## Exercise brief
Nothing but the pictures is dropped; write out all the remaining data below exactly.

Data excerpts
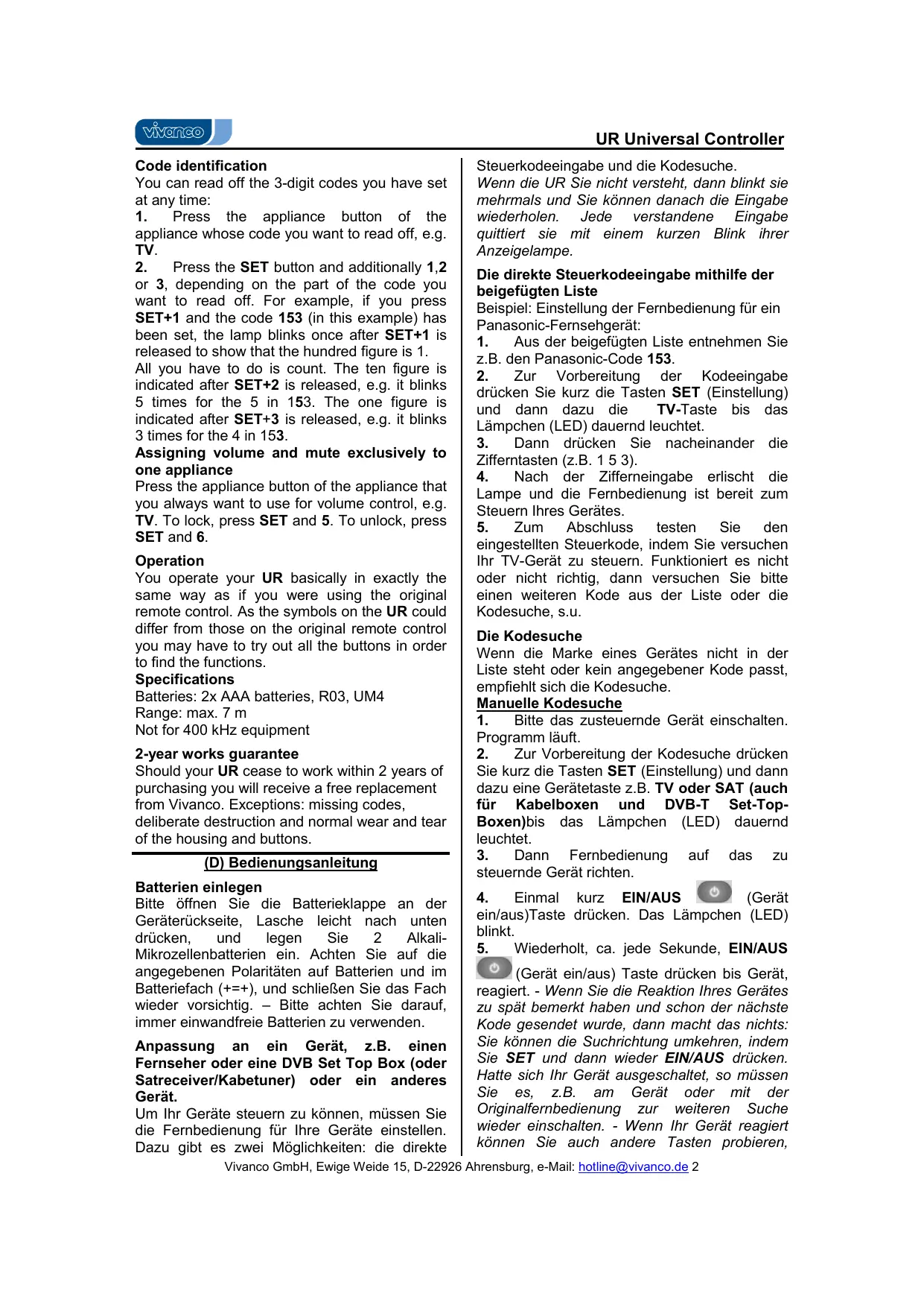Vivanco GmbH, Ewige Weide 15, D-22926 Ahrensburg, e-Mail: hotline@vivanco.de 2
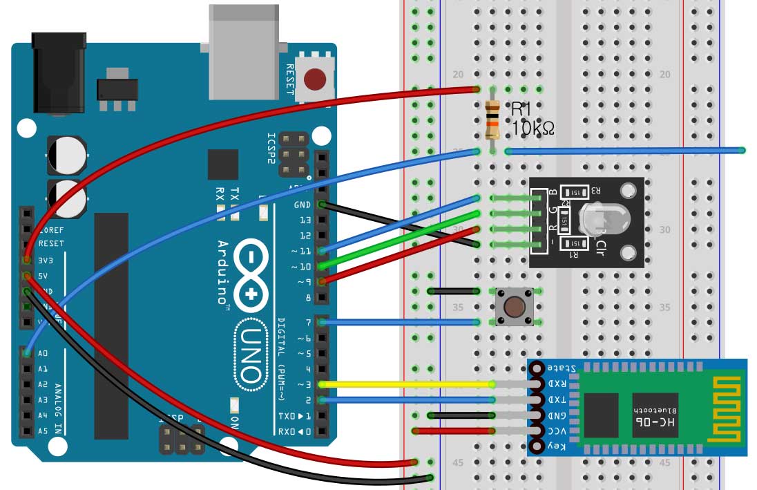 아두이노에 블루투스 2.0 모듈(HC-06) 또는 4.0 BLE 모듈(AT-09 등)을 연결하고 안드로이드 앱 arduino bluetooth controller PWM v3.5를 이용하여 이전 글 아두이노 - 무드등 예제, RGB LED 제어에서 구현했던 무드등을 스마트폰에서 원격 제어해보도록 하겠다.
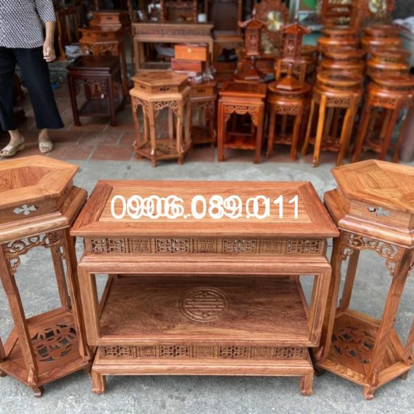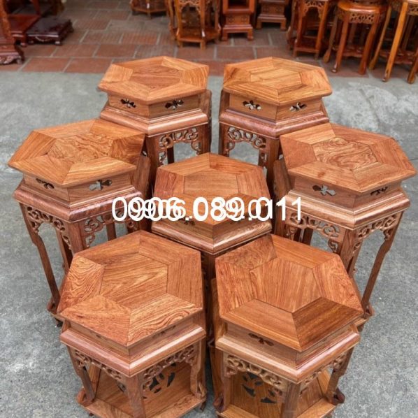 - Đôn lục giác gỗ hương để kê các vật quý giá của gia chủ hay trang trí trong nhà. Đôn đỡ vật quý, đưa vật quý lên cao để ta ngắm nhìn, bảo vệ vật khỏi những bụi bẩn hay ẩm thấp bên dưới sàn nhà.
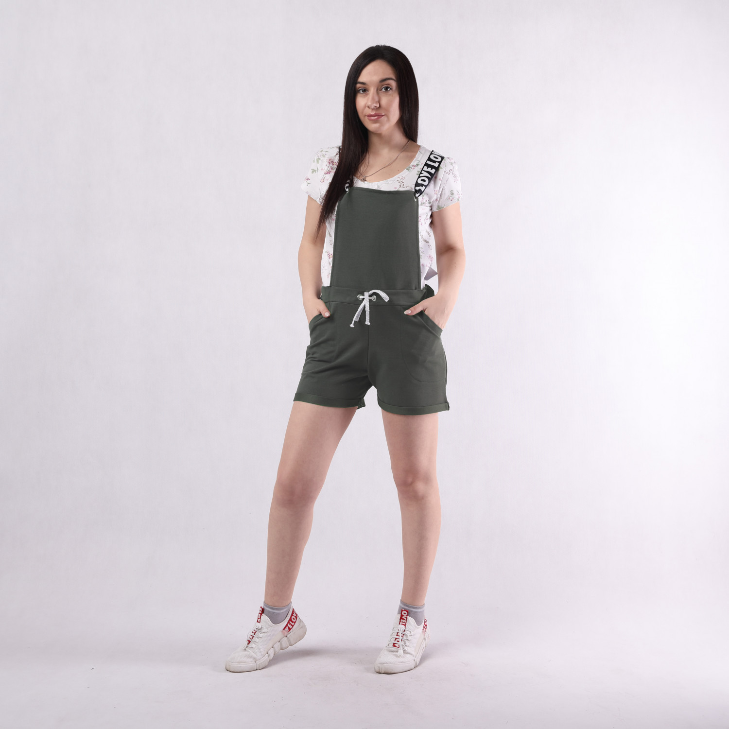 Молодежный женский комбинезон-шорты подходит для будущих мам "Love-хаки" 42-50р.
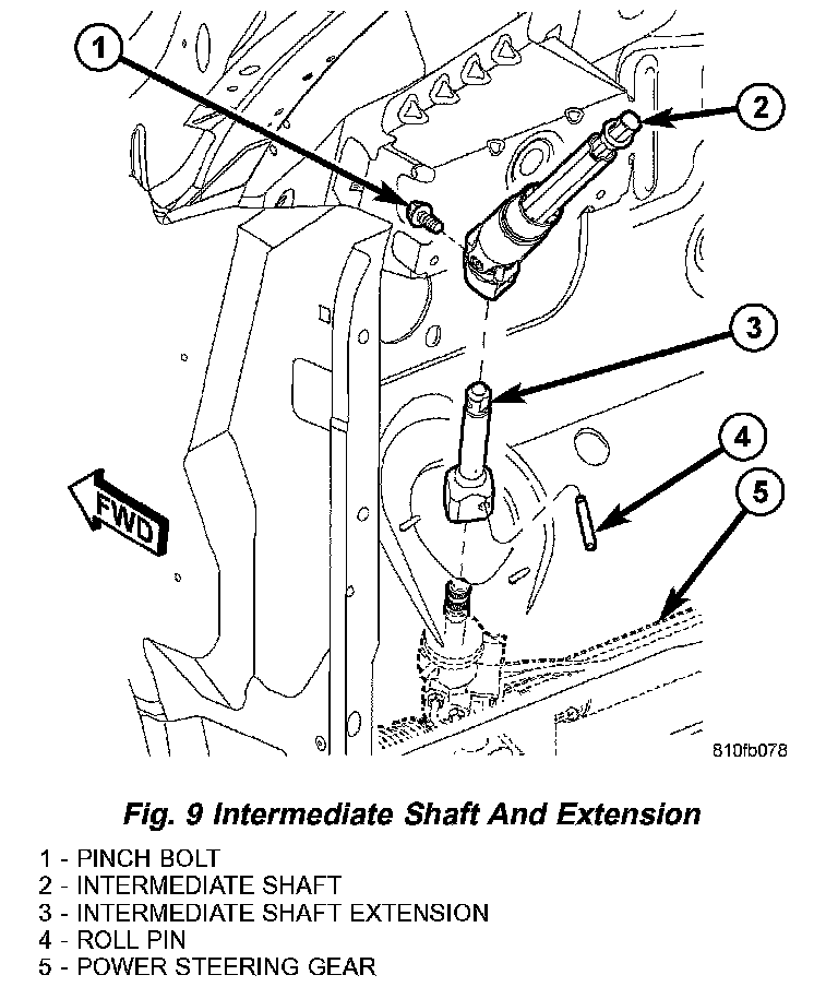 11. Remove pinch bolt fastening intermediate shaft to intermediate shaft extension (Fig. 9).

## Result of the task
Vivanco GmbH, Ewige Weide 15, D-22926 Ahrensburg, e-Mail: hotline@vivanco.de 2
 아두이노에 블루투스 2.0 모듈(HC-06) 또는 4.0 BLE 모듈(AT-09 등)을 연결하고 안드로이드 앱 arduino bluetooth controller PWM v3.5를 이용하여 이전 글 아두이노 - 무드등 예제, RGB LED 제어에서 구현했던 무드등을 스마트폰에서 원격 제어해보도록 하겠다.
 - Đôn lục giác gỗ hương để kê các vật quý giá của gia chủ hay trang trí trong nhà. Đôn đỡ vật quý, đưa vật quý lên cao để ta ngắm nhìn, bảo vệ vật khỏi những bụi bẩn hay ẩm thấp bên dưới sàn nhà.
 Молодежный женский комбинезон-шорты подходит для будущих мам "Love-хаки" 42-50р.
 11. Remove pinch bolt fastening intermediate shaft to intermediate shaft extension (Fig. 9).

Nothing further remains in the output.